Caputo – the 6-1, 210-pound soft-spoken safety from Imperial, PA – draws motivation from the usual reserves (friends, family and teammates) as well as from disappointments and failures. But more than that, Caputo draws motivation from success stories, like the Badgers striving to be the first program in over 30 years to advance to three consecutive Rose Bowls.
"I want to help bring the team back to Pasadena," said Caputo. "That's the goal of the team to win all the games starting with the first one."
With the work he's put in over the past two seasons, Caputo likely will have an integral role in that journey.
After running for 2,629 yards and 38 touchdowns and 97 tackles as a junior, Caputo saw his senior year cut short when he fractured his left ankle during the season opener. The injury was so gruesome that Caputo was confined to a wheelchair for two weeks to keep any pressure off the ankle to avoid a more serious setback.
"It was a little weird to look over and see your ankle just hanging there," Caputo said.
Recovering without any complications before stepping foot on campus last summer, Caputo redshirted to build his body and was named defensive scout team player of the week in November, calling last year's experience of not playing ‘informational.'
"I was just adjusting and watching Aaron Henry, Dezmen (Southward) and Shelton (Johnson)," said Caputo. "I was using them as mentors, whether they knew it or not. I tried to do stuff like them. I tried to learn how they learn and do what they did on the field. That gave me a lot of confidence because I knew how to act and I learned how to play."
The work has showed, including a two-practice stretch where Caputo registered an interception and multiple tackles for losses in important situational drills. When Wisconsin released its initial depth chart for the season opener, Caputo was listed as a co-backup at strong safety with Michael Trotter behind Johnson.

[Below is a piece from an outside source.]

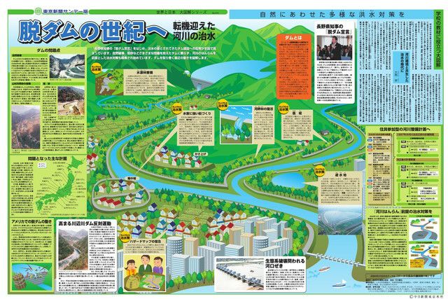 長野県知事の「脱ダム宣言」をはじめ、治水の要とされてきたダム建設への反発が全国で高まっています。自然破壊、堆砂などさまざまな問題を抱えたダムに頼らず、河川のはんらんを前提とした治水対策も模索され始めています。ダムを取り巻く最近の動きを図解します。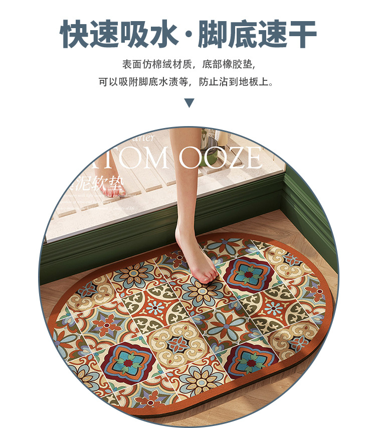 노르딕 스타일 욕실 Diatom 진흙 매트 스퀘어 패턴 욕실 미끄럼 방지 빠른 건조 매트 부드러운 피부 친화적 인 매트스토어 가기

"I like to say that I have a lot of confidence, but I try to stay humble a lot," said Caputo. "Even though I don't get in the game at all, I still go after it."
That go-get-it mentality has come from his upbringing and his boost at Wisconsin has come from strength coach Ben Herbert, who graduating from the same high school as Caputo (albeit a couple years apart).
"He knows exactly what he's doing," said Caputo, who toned his body to feel stronger and faster through fall camp. "I haven't been a lot of places, but I think he's one of the best in the country."
That comfort in his body has blended into his game. No longer being pushed around my blockers when he comes into the box, Caputo has used his offensive knowledge to progress at an accelerated rate.
"High school is definitely a lot different than college, especially the offense I was in, but it helps me get better angles on the ball when I am chasing the running back down," said Caputo. "I still think like a running back, so I have an idea of what they are going to do."
Having not played a full football game since fall 2009, Caputo is ready to jump in wherever he can.
"Whatever spot they put me at," said Caputo. "I just want to get on to the field."